Eventually, Jurni GLP will expand into community features. Jacobs envisions an ecosystem that connects users for a 20-minute phone call while they both take a daily walk. He’s even half-joking (but mostly serious) about hosting exclusive nightlife events in LA where the only way to get in is to show your injector pen at the door.
There’s a fascinating psychological element to massive weight loss that Jacobs is deeply tapped into. It’s the body dysmorphia of shrinking out of your old life. Going from a size 36 waist to a 31. Walking into a store and instinctively grabbing an Extra-Large shirt, only to have the salesperson gently push you toward the Mediums.

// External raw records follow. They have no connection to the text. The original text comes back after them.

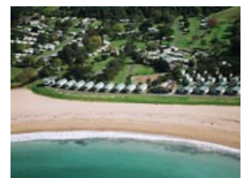
East's Beach Today

From a dairy farm back in the 19th century, Easts Beach has grown into a glorious tourist destination that sees loyal guests coming back again and again. The holiday park was built on strong foundations of hard work, determination and a passion for the industry. Several lifetimes worth of work have gone into creating a reputable establishment that strives to give guests the best possible experience. No doubt the holiday park will continue to excel and remain a treasured part of Kiama for many more years to come.
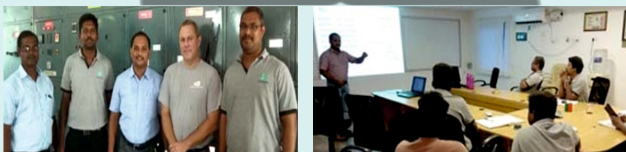
Knowledge Transfer, Training Classes by KLNCE Faculty to Industry, E.L.D.Parry (India) Ltd
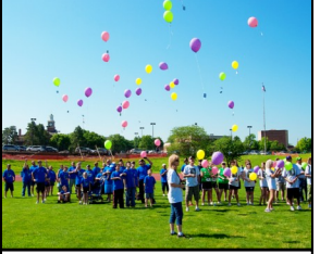
Annual Memorial Balloon release at Step Up for SIDS
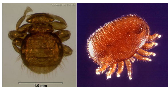
Figure 7. Dorsal views of an adult bee louse, Braula coeca Nitzsch, (left); and an adult varroa mite, Varroa destructor Anderson and Trueman, (right). Varroa mites are more oval in shape, and have eight legs as compared to the bee louse, which has six legs.

Varroa mites look very similar to another bee commensal, the bee louse, ( Braula coeca , Diptera: Braulidae) and this has led to mistaken identifications. Despite this, identifying them is simple if one remembers that the bee louse is a wingless fly with six legs, while varroa is a mite with eight legs.
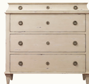
Dresser & Drawer Hutch (Drawer Hutch optional)
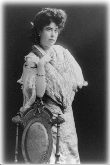
Margaret's campaign photo from a run for local public office

Margaret was urged by prominent leaders of the suffrage movement to run for U.S. Senate in 1914. Never before in history had a woman entered the United States Senate. Suffragists used color to advocate their cause. Yellow, purple and white were the official colors of the suffragist movement. These colors symbolized justice and purity of purpose and courage.
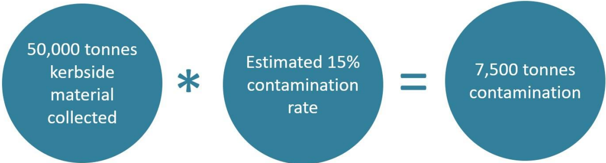
Figure 2: Example of how to calculate kerbside contamination tonnage under options 2a and 2b

After conducting contamination audits, it is possible to multiply the overall tonnage of kerbside material collected by the estimated contamination percentage, to produce an estimated kerbside contamination tonnage (see figure 2).
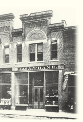
Trane Storefront La Crosse, Wisconsin 1891

conditions. When you buy a Trane, you're buying a commitment from us, to you. A commitment to your total comfort, and your total peace of mind. Because that's what Reuben and James would have done.
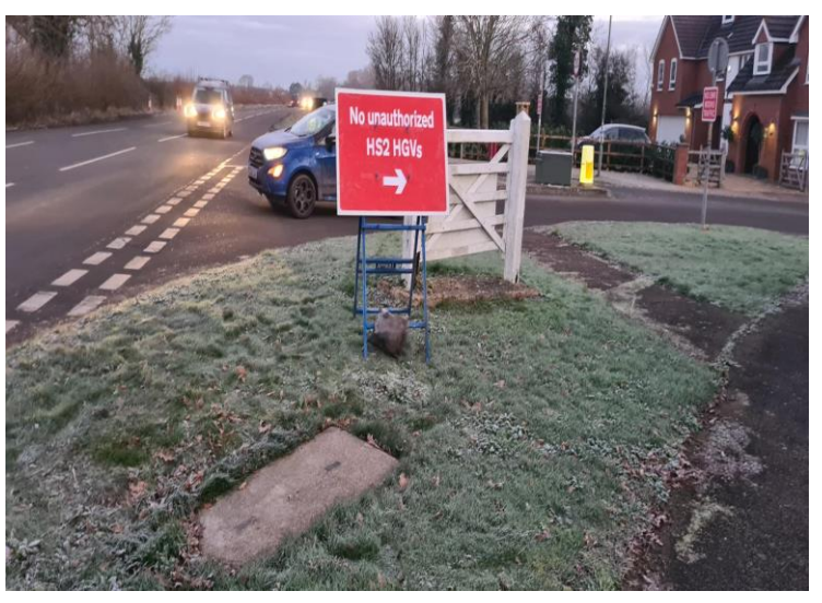
Additional signage Cotswolds Way
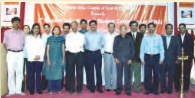
Representative of Companies participated in Campus Interview organized by Nashik Chapter on 14th February 2010.
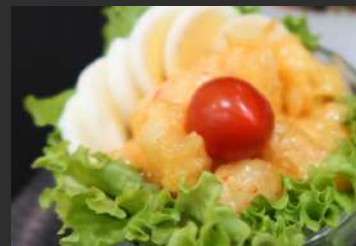
Popcorn Shrimp 650 ポップコーンシュリンプ popcorn style shrimp in special dressing
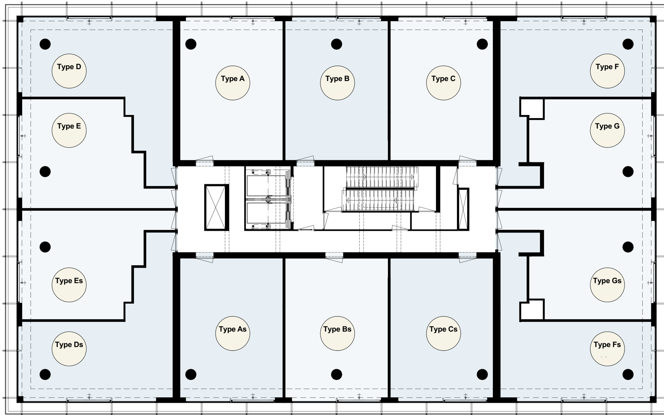
VERDIEPING 1 t/m 7
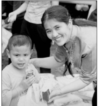
Love distributes food, Thailand
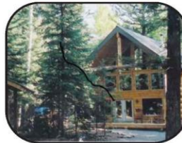
-321 BALSAM- ADORABLE with ADORABLE touches. Custom built 3 br 2 ba cabin. Turnkey. Fully furnished. Hot tub. Detached garage. A must see! $299,900.
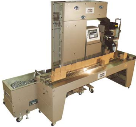
System Shown: Delta Model LSW16 with DF16 Low Level Loader and 2F4 Carton Conveyor
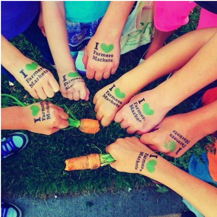
National Farmers Market Week Aug. 4-10 th
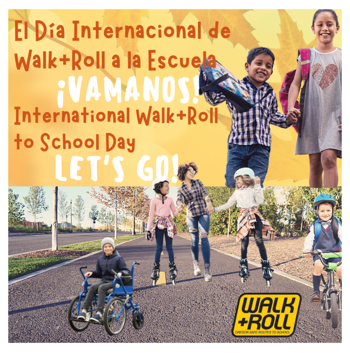
Download Facebook, Instagram, Instagram Story, Twitter.
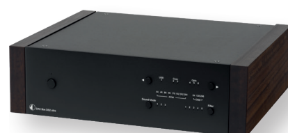
black with eucalyptus wood side panels
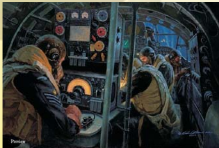
Radio operators position in a Lancaster

463 - P JO - P The Australian Armourer has a lambskin vest send by an Comforts Fund from Home
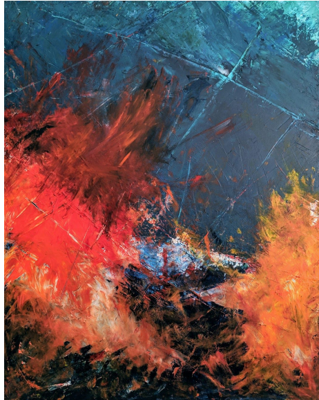
“We Have Ignition”
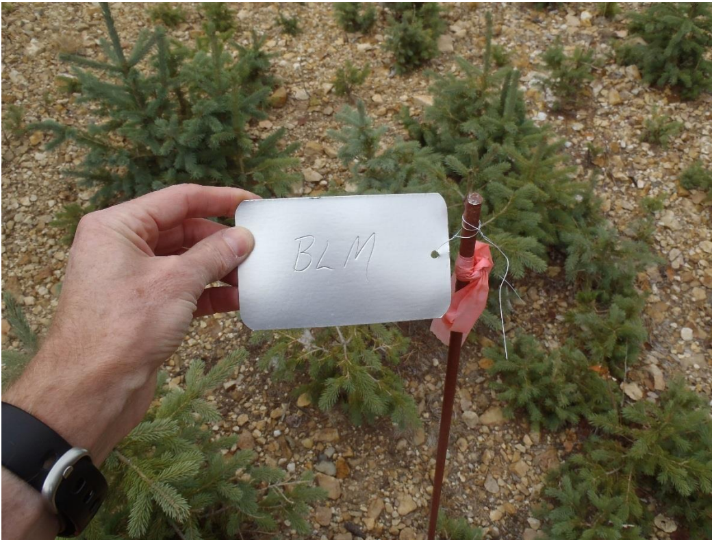
Photo 4. Typical southeast corner area marker with BLM tag.
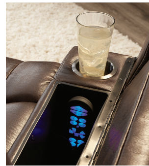
Right Arm: Cup Holder & Storage Compartment

The Rhea comes standard with the following comfort and convenience features:
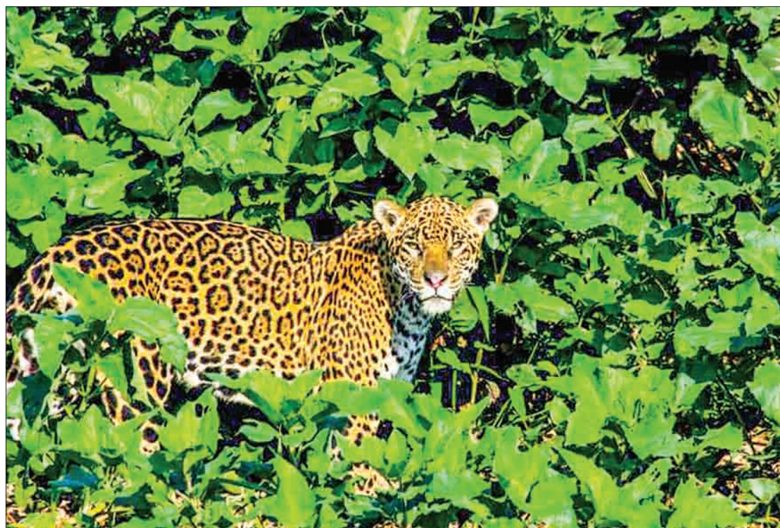
A handout photo showing a jaguar, which researchers believe number around 7,000 in Bolivia, but which are threatened by poaching driven by Chinese demand for teeth and skulls.

President Evo Morales' leftist government has awarded seven billion dollars' worth of public works contracts to Chi-
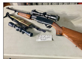
REMINGTON #760 .308 RIFLE

Terms: Cash, Pa. check or credit card w/3% fee, sale held under tent, bring a chair, good food provided.
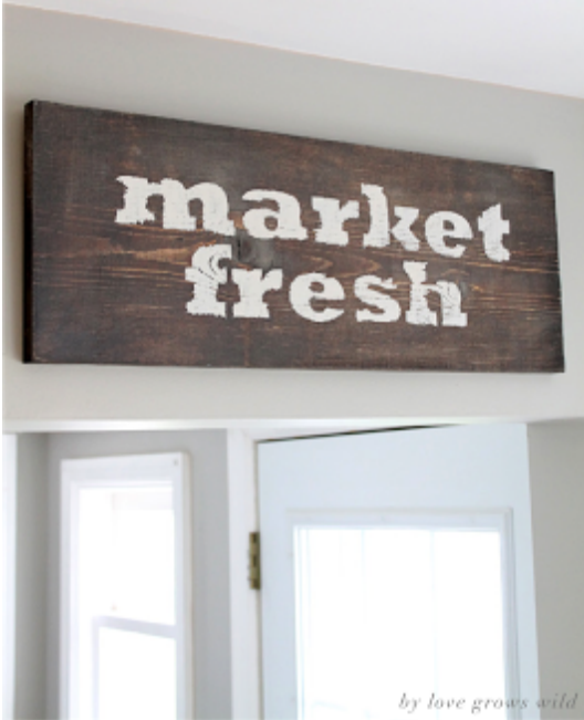
Market Fresh Kitchen Sign
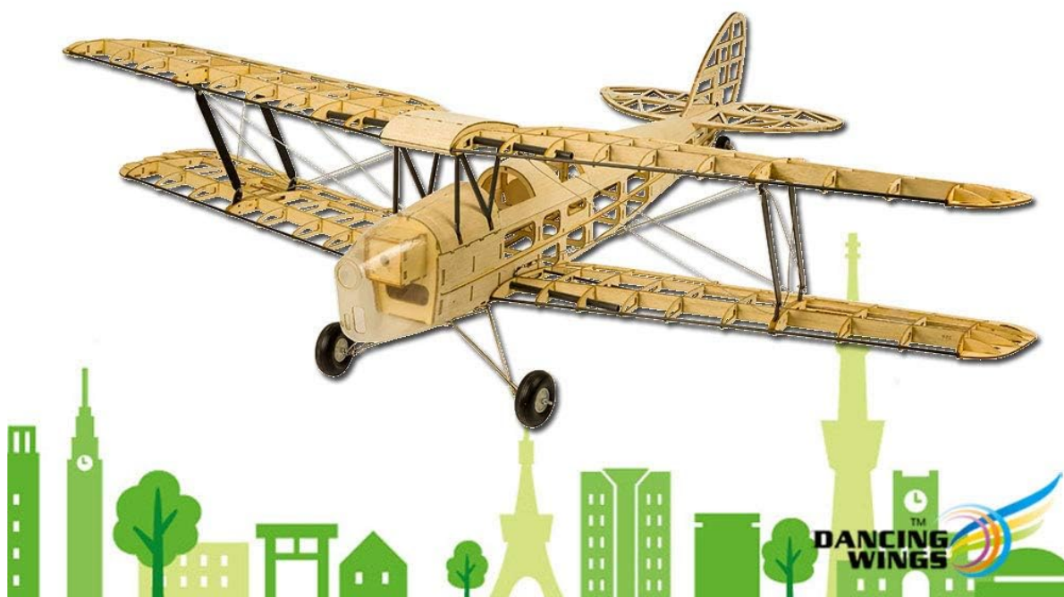
Image 9.1: Visual representation of the S19 Mini Tiger Moth's key dimensions and electronic recommendations.
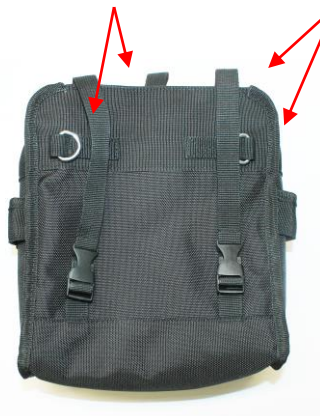
Back Side -Two Harness Attachment Straps. Two Tool Tether Attachment Rings
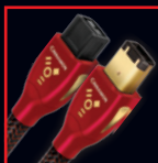
Available in 0.75m, 1.5m, 3m and 5m lengths.

“Mentally, your brain hasn’t caught up. You’re left behind in your former self,” Jacobs says. He points out that for years, he was the guy who would volunteer to take the group photo just so he didn’t have to be in it. Today? He’s actively booking photoshoots.
Jacobs eventually stopped taking Ozempic cold turkey. He hasn’t gained a pound back. And that is the ultimate thesis of Jurni GLP. It’s an app designed to be so effective at building new, compounding, daily habits that you eventually don’t need the drug at all. You just need the habits.
It perfectly encapsulates the wild, unpredictable, totally transformative era of the GLP-1. Zach Jacobs went through the fire, escaped the fat sand, and built the map for everyone else trying to find their way out.
Jurni GLP’s tagline is Don’t Just Lose, Find.
Because a GLP-1 journey isn’t just about losing weight, but finding a pathway to healthy, consistent habits.